-------- DATASET RECORDS

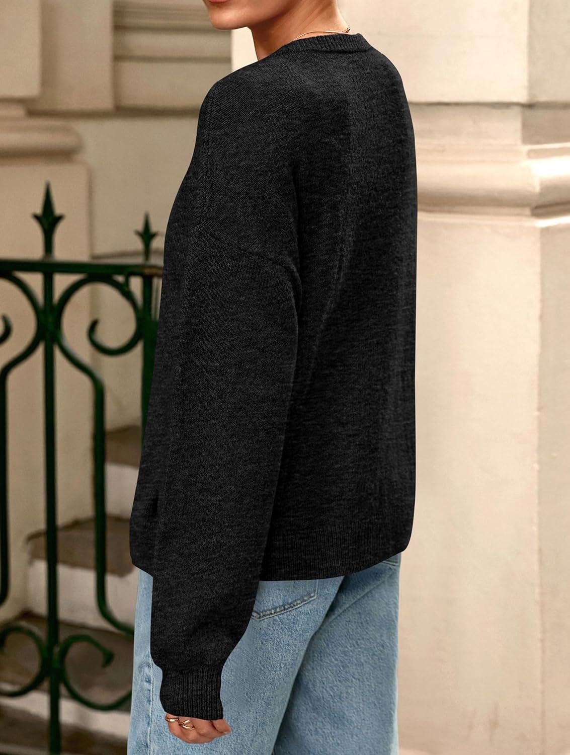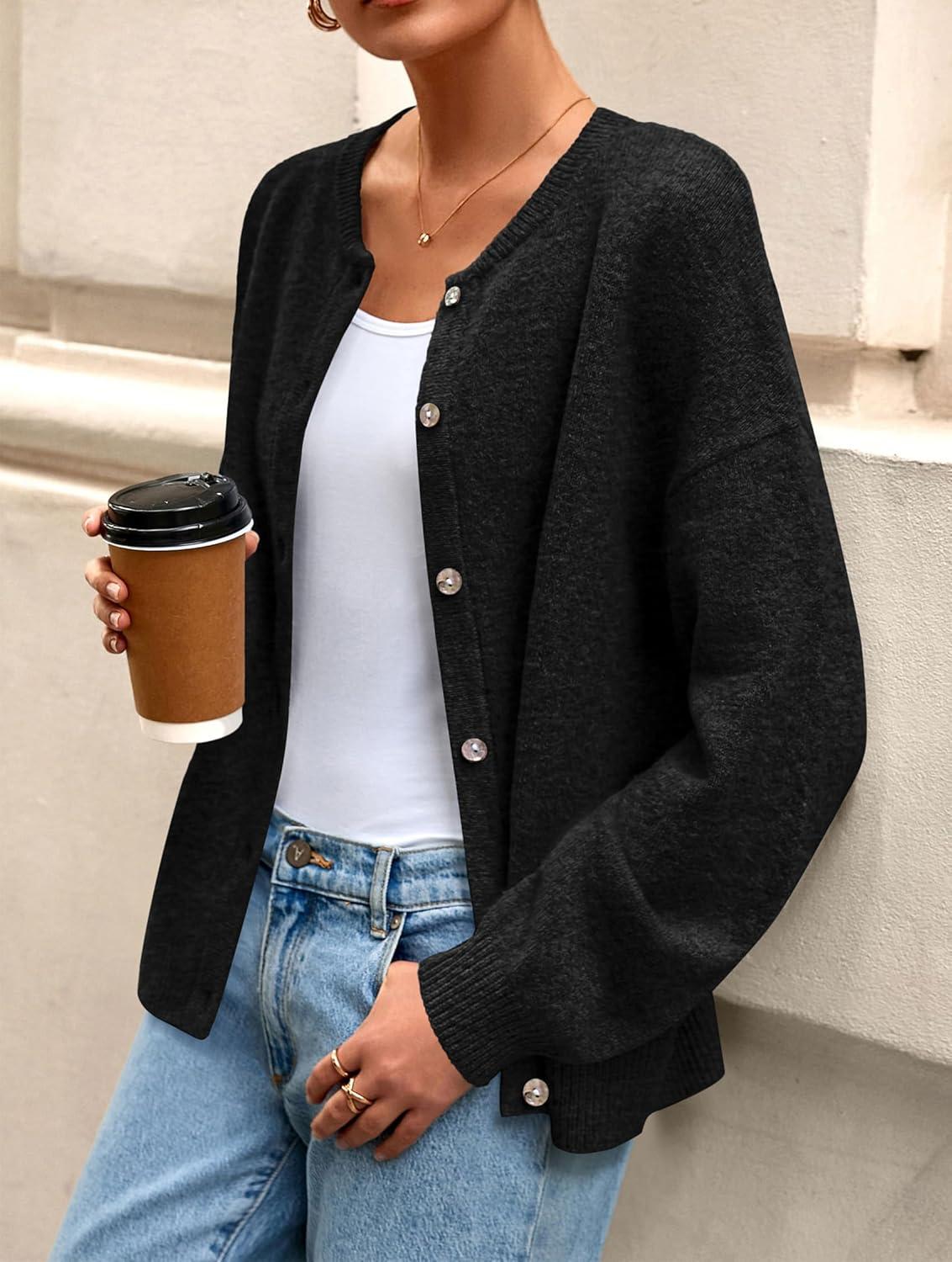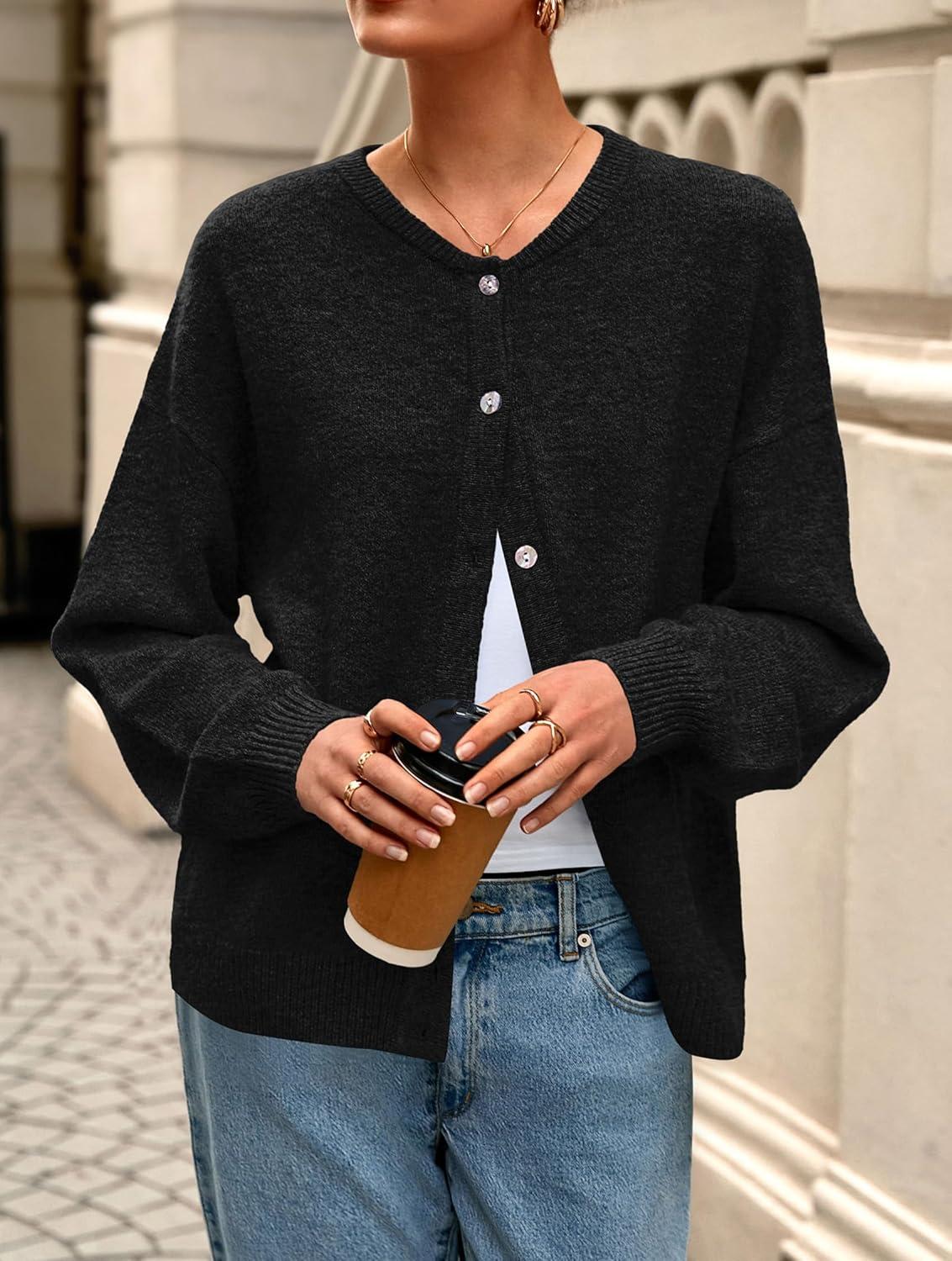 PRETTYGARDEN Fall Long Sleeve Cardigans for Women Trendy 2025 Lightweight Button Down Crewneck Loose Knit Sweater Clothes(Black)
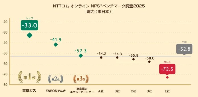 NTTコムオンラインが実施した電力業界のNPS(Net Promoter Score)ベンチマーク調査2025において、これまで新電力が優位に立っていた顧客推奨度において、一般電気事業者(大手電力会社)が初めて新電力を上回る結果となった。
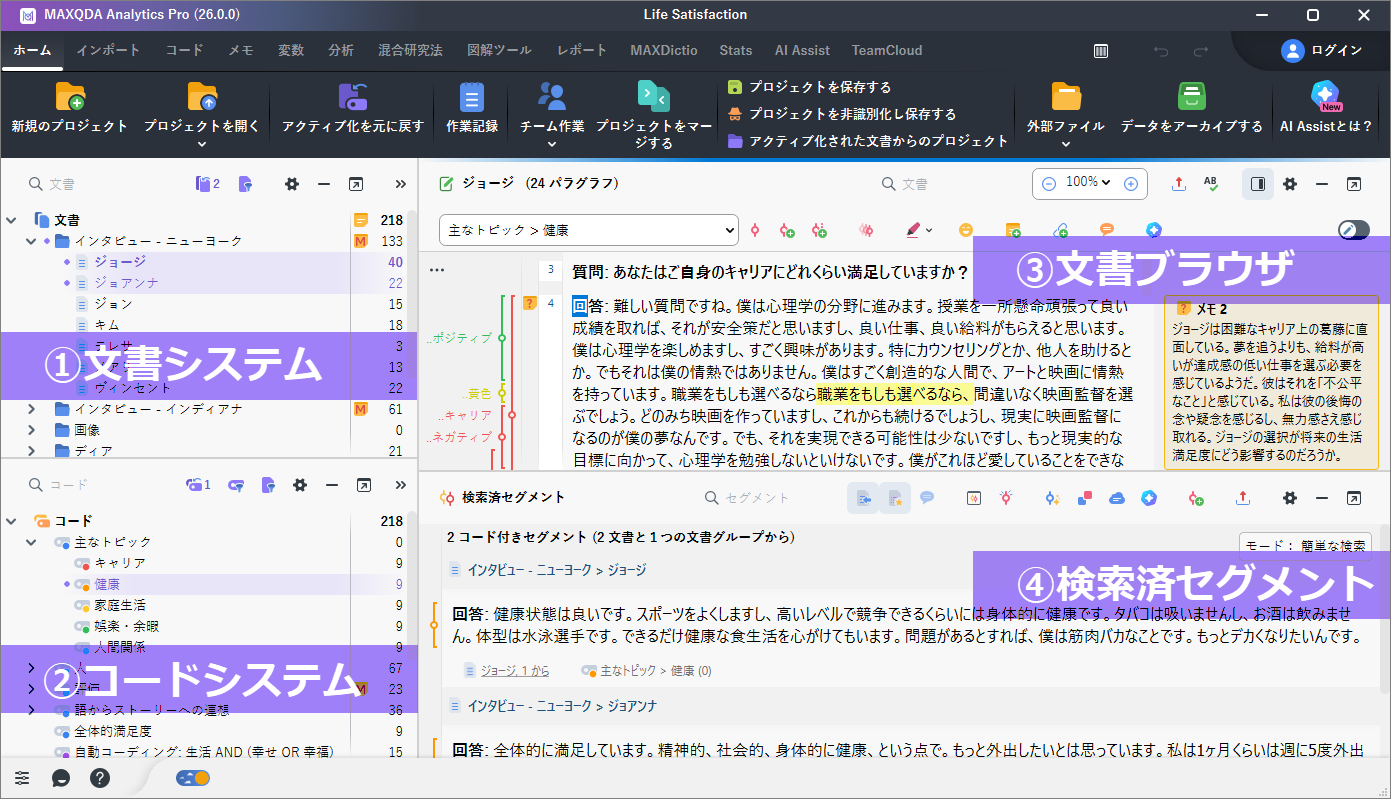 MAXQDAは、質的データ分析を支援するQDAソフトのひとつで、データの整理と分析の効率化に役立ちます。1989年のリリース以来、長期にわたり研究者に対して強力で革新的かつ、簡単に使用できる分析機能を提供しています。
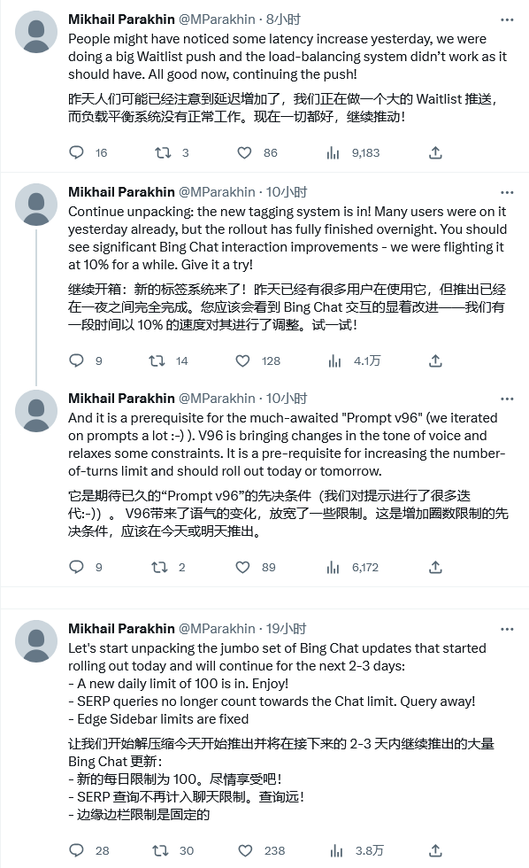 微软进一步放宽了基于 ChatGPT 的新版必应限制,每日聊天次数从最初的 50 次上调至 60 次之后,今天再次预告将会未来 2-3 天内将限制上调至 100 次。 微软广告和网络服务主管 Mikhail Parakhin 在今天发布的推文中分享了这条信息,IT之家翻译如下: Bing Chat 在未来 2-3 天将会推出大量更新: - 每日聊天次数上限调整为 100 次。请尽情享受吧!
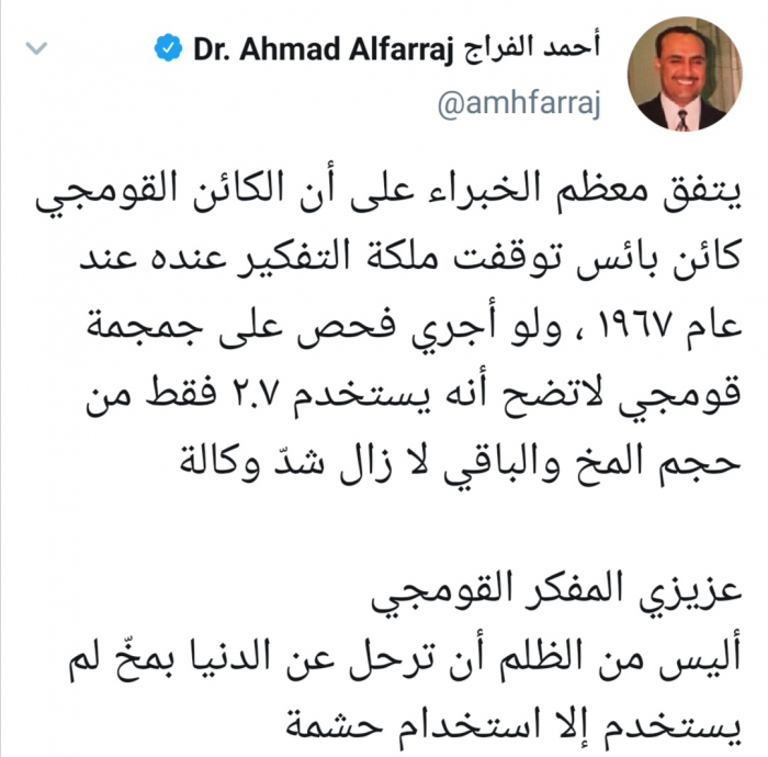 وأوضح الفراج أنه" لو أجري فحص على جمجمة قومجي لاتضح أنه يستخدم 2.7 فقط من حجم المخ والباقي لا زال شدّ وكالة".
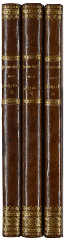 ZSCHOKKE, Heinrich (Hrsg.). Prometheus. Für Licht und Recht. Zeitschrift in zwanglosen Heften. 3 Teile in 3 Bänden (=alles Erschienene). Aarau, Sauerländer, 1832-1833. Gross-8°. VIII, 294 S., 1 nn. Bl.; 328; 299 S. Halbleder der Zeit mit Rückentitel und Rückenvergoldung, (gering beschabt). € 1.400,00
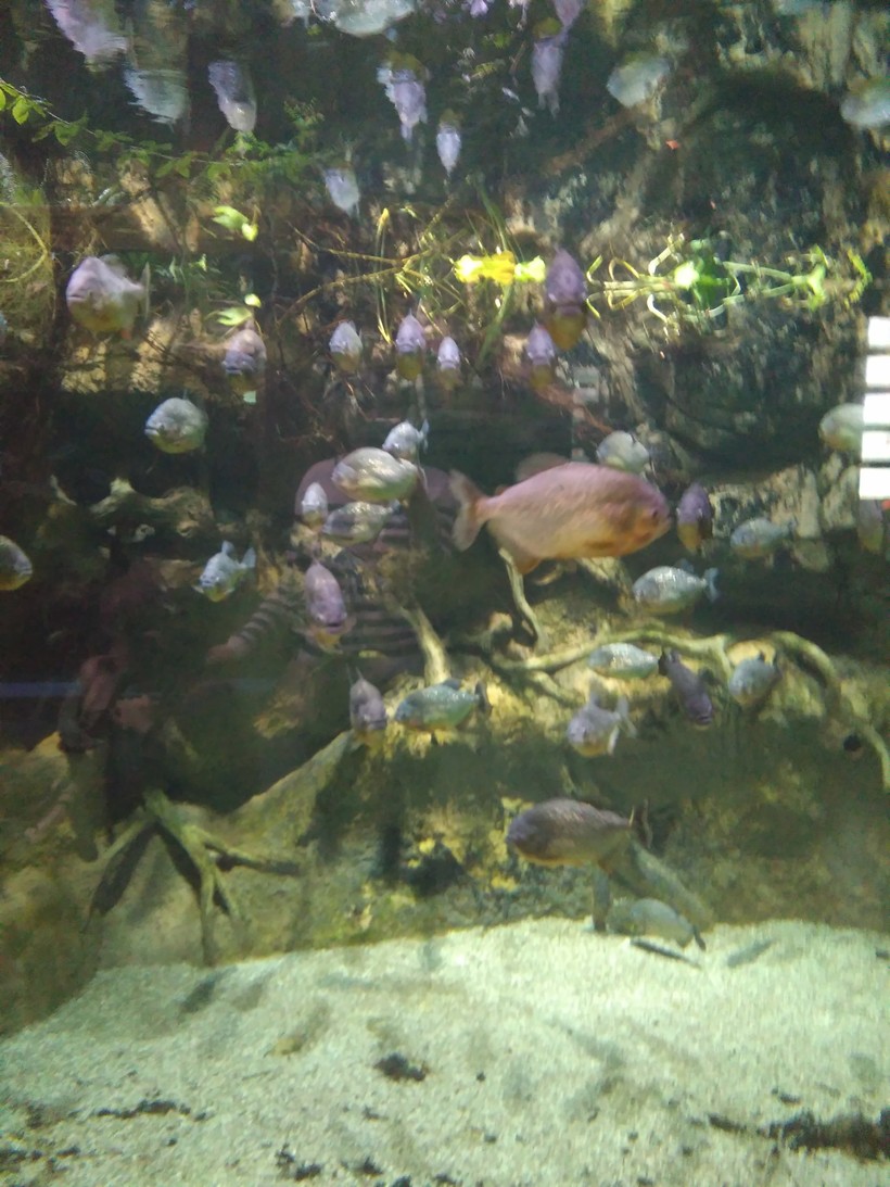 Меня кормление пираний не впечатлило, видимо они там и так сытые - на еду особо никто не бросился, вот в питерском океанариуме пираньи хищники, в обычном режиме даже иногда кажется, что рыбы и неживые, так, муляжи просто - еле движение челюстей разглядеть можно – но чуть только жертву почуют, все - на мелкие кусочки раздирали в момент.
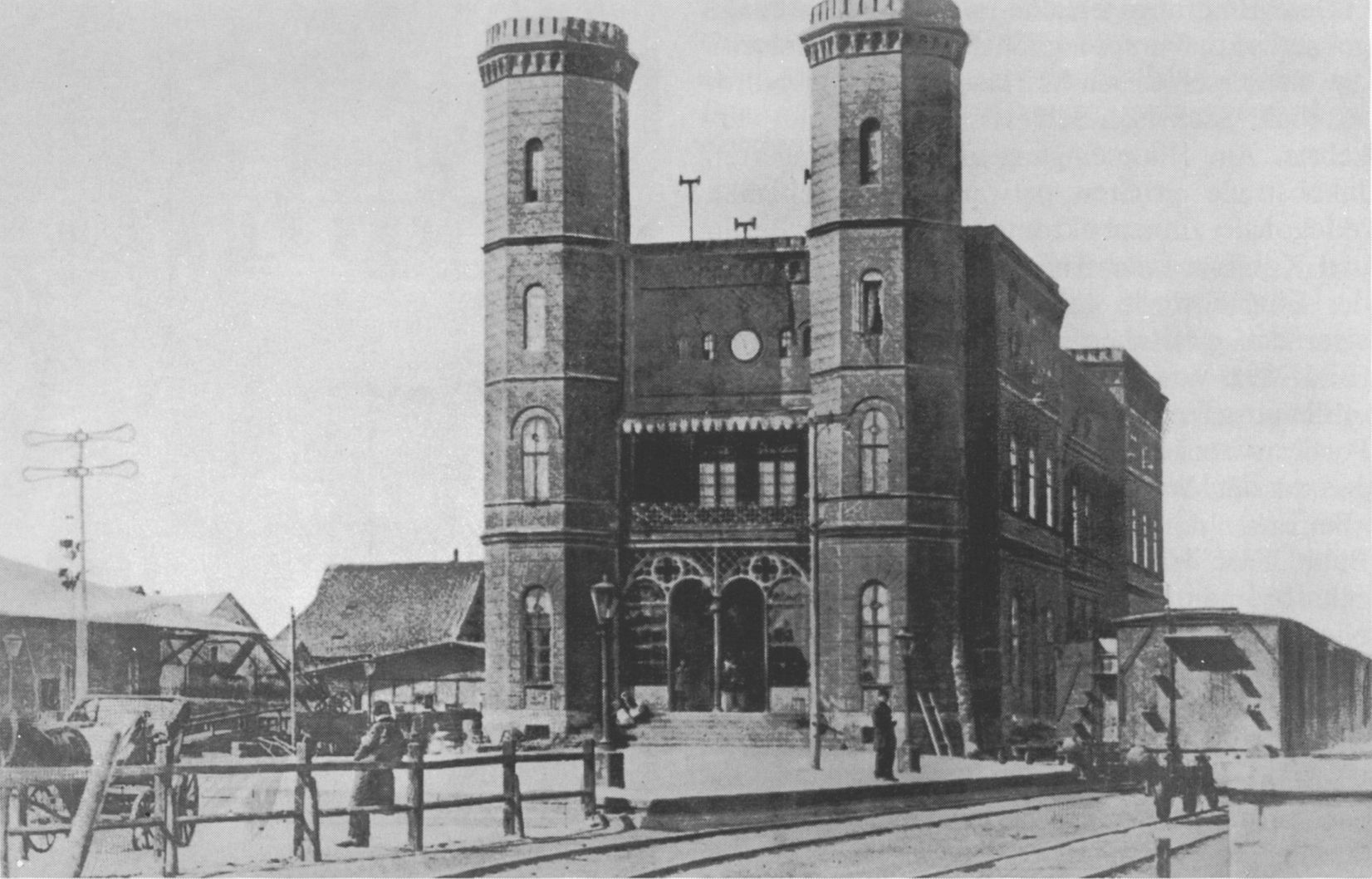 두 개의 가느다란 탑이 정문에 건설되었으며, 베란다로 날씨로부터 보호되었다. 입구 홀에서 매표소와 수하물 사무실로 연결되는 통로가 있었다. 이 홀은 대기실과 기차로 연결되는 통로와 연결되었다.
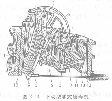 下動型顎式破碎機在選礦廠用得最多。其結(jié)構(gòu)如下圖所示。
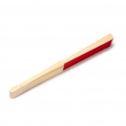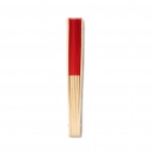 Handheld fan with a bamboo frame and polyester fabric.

----------------

• TASK STATEMENT: Print exactly the lines from the first line of the records above through the line containing "微软进一步放宽了基于 ChatGPT 的新版必应限制,每日聊天次数从最初的", both included, and leave the pictures out.

• WRITTEN SOLUTION:
 PRETTYGARDEN Fall Long Sleeve Cardigans for Women Trendy 2025 Lightweight Button Down Crewneck Loose Knit Sweater Clothes(Black)
 NTTコムオンラインが実施した電力業界のNPS(Net Promoter Score)ベンチマーク調査2025において、これまで新電力が優位に立っていた顧客推奨度において、一般電気事業者(大手電力会社)が初めて新電力を上回る結果となった。
 MAXQDAは、質的データ分析を支援するQDAソフトのひとつで、データの整理と分析の効率化に役立ちます。1989年のリリース以来、長期にわたり研究者に対して強力で革新的かつ、簡単に使用できる分析機能を提供しています。
 微软进一步放宽了基于 ChatGPT 的新版必应限制,每日聊天次数从最初的 50 次上调至 60 次之后,今天再次预告将会未来 2-3 天内将限制上调至 100 次。 微软广告和网络服务主管 Mikhail Parakhin 在今天发布的推文中分享了这条信息,IT之家翻译如下: Bing Chat 在未来 2-3 天将会推出大量更新: - 每日聊天次数上限调整为 100 次。请尽情享受吧!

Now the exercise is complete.